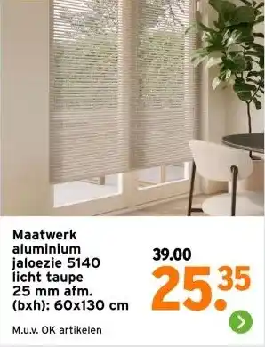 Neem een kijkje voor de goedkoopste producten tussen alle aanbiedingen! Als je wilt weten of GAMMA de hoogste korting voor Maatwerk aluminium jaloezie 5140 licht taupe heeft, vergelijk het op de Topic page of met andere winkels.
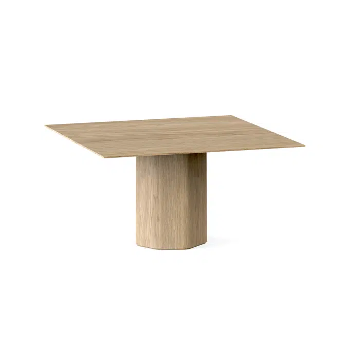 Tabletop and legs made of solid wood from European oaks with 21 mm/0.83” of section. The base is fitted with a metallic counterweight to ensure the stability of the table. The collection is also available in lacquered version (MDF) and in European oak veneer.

---

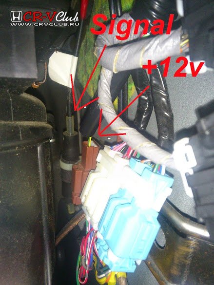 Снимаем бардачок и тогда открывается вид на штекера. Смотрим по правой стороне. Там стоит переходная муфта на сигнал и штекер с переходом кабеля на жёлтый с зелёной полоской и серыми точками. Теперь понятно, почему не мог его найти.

**THE TASK**
Word for word, write out the lines above running from the one with "Neem een kijkje" up to and including the one with "Tabletop and legs". Drop any picture.

**WRITTEN ANSWER**
 Neem een kijkje voor de goedkoopste producten tussen alle aanbiedingen! Als je wilt weten of GAMMA de hoogste korting voor Maatwerk aluminium jaloezie 5140 licht taupe heeft, vergelijk het op de Topic page of met andere winkels.
 Tabletop and legs made of solid wood from European oaks with 21 mm/0.83” of section. The base is fitted with a metallic counterweight to ensure the stability of the table. The collection is also available in lacquered version (MDF) and in European oak veneer.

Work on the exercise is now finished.